What the five grades mean in a reading
A planet in a great friend's sign acts almost as it does at home, warm and freely giving, with little friction anywhere. A simple friend's sign is comfortable. A neutral's sign is workmanlike and plain: the planet does its job without warmth or chill, and these middle grades are where most of any chart quietly lives.
An enemy's sign brings real friction, and a great enemy's sign the slowest going of all, with the planet's gifts arriving late and dearly bought. The grade describes the smoothness of delivery, never whether the planet matters. A benefic in a friend's sign is kindness made comfortable; a malefic in an enemy's sign is a harder lesson, though never an unworkable one.
One thread among many
Temporary friendship and the compound grades are one thread in a full reading.
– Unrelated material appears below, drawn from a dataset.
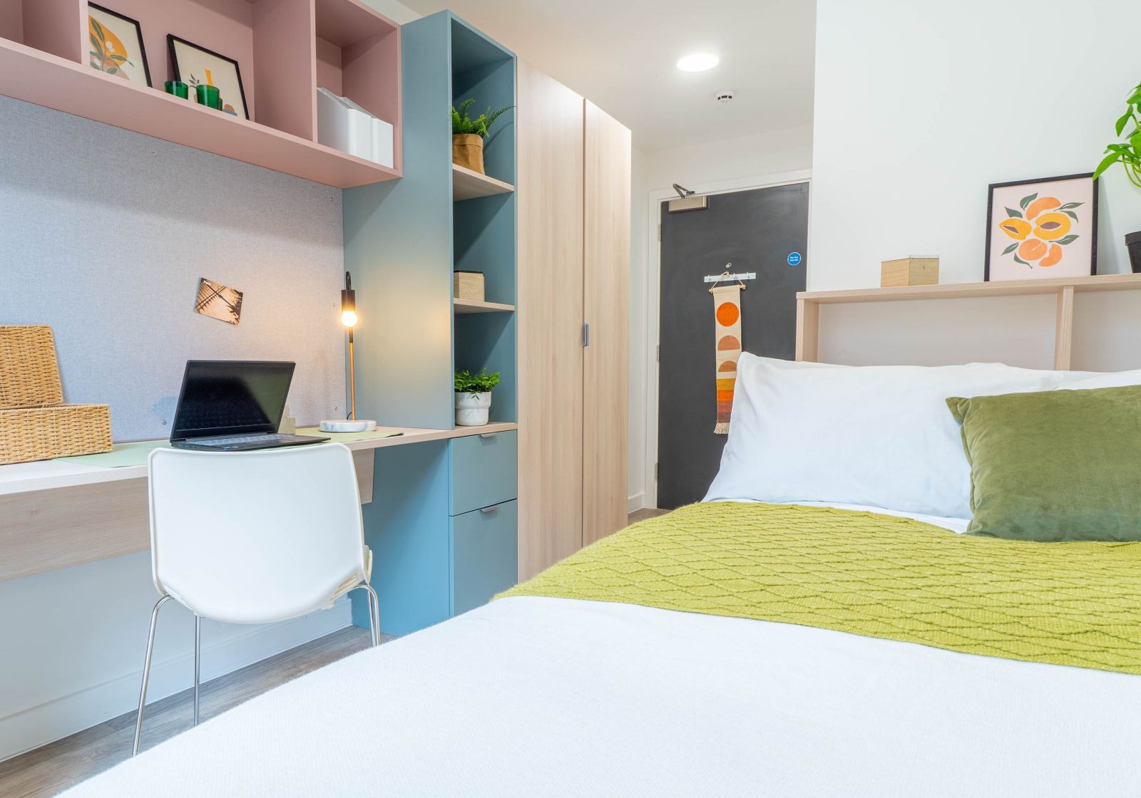 SIGN400-031125Enjoy a bright and modern bedroom with your own private bathroom - and the social buzz of a shared kitchen.\n\nYour room comes fully furnished with a bed, study desk and chair, plus your own private bathroom. With a roof terrace, fitness studio and cinema onsite, there's always something for you to keep busy with.\n\nYou're on track for your best year yet.

They are weighed beside the planet's dignity, where the friendship grades themselves occupy the middle rungs between exaltation and debilitation, and beside the house the planet occupies and the aspects it receives. No single thread decides a chart.
What the thread explains, once you can read it, is why a planet behaves as it does: why the same Saturn that labours in one chart settles down in another, with both Saturns standing in Cancer. To trace it through your own chart, a free birth chart lists every planet's sign; the counting rule on this page and the fixed table on the friend and enemy page turn that list into grades.